This behavior is consistently reproducible.

Steps to Reproduce

  1. Run the following command (model loads successfully at first time).
  2. unload the model
  3. Run the same command again.
  4. During the second load, the GPUs enter an error state. Command Used
export LMCACHE_CONFIG_FILE=/path/to/config.yaml

python -m vllm.entrypoints.openai.api_server \
--model /usr/local/models/phi-4 \
--tensor-parallel-size 2 \
--gpu-memory-utilization 0.9 \
--max-model-len 16384 \
--enable-chunked-prefill \
--kv-cache-dtype auto \
--host 0.0.0.0 \
--port 8000 \
--trust-remote-code \
--enable-prefix-caching \
--kv-transfer-config '{"kv_connector":"LMCacheConnectorV1","kv_role":"kv_both"}'

below is my config.yaml chunk_size: 256 local_cpu: false local_disk: /mnt/nvme0/ max_local_disk_size: 20

If the same command is executed after reboot, it works for the first time . The issue only appears when loading the model a second time without rebooting.

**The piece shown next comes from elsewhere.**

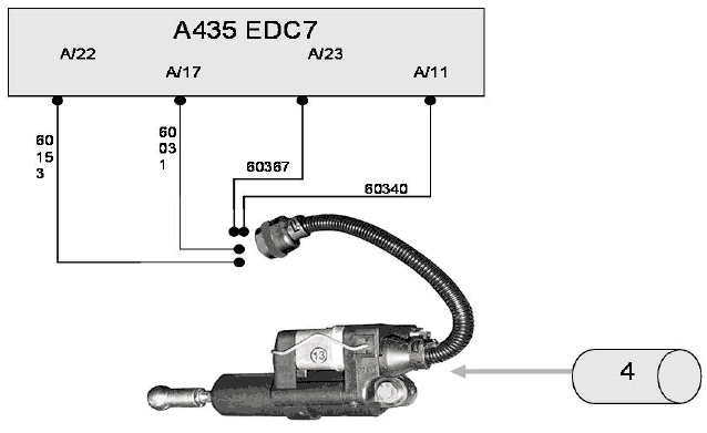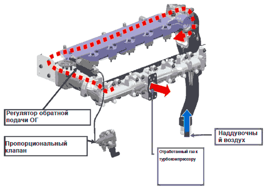 Двигатели Euro4/5 оснащены отрегулированной рециркуляцией ОГ (электрическая система рециркуляции ОГ). Пропорциональный клапан, который вместе с пневмоцилиндром контролирует положение заслонки системы рециркуляции ОГ, управляется широтно-импульсным модулированным сигналом (PWM), датчик смещения контролирует текущее положение крышки системы рециркуляцией ОГ.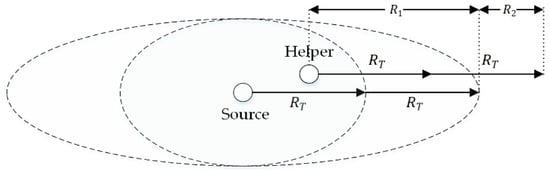 From (13)–(15), the probability that a node that has received the packet becomes a potential helper can be calculated as:

below is the error i am getting 2026-03-05T12:23:14.561Z - WARN: vLLM Server stderr (PID 84695): [rank1]:[E305 17:53:14.167809819 ProcessGroupNCCL.cpp:2057] [PG ID 2 PG GUID 3 Rank 1] Process group watchdog thread terminated with exception: CUDA error: unspecified launch failure Search for cudaErrorLaunchFailure' in https://docs.nvidia.com/cuda/cuda-runtime-api/group__CUDART__TYPES.html for more information. CUDA kernel errors might be asynchronously reported at some other API call, so the stacktrace below might be incorrect. For debugging consider passing CUDA_LAUNCH_BLOCKING=1 Compile with TORCH_USE_CUDA_DSA` to enable device-side assertions.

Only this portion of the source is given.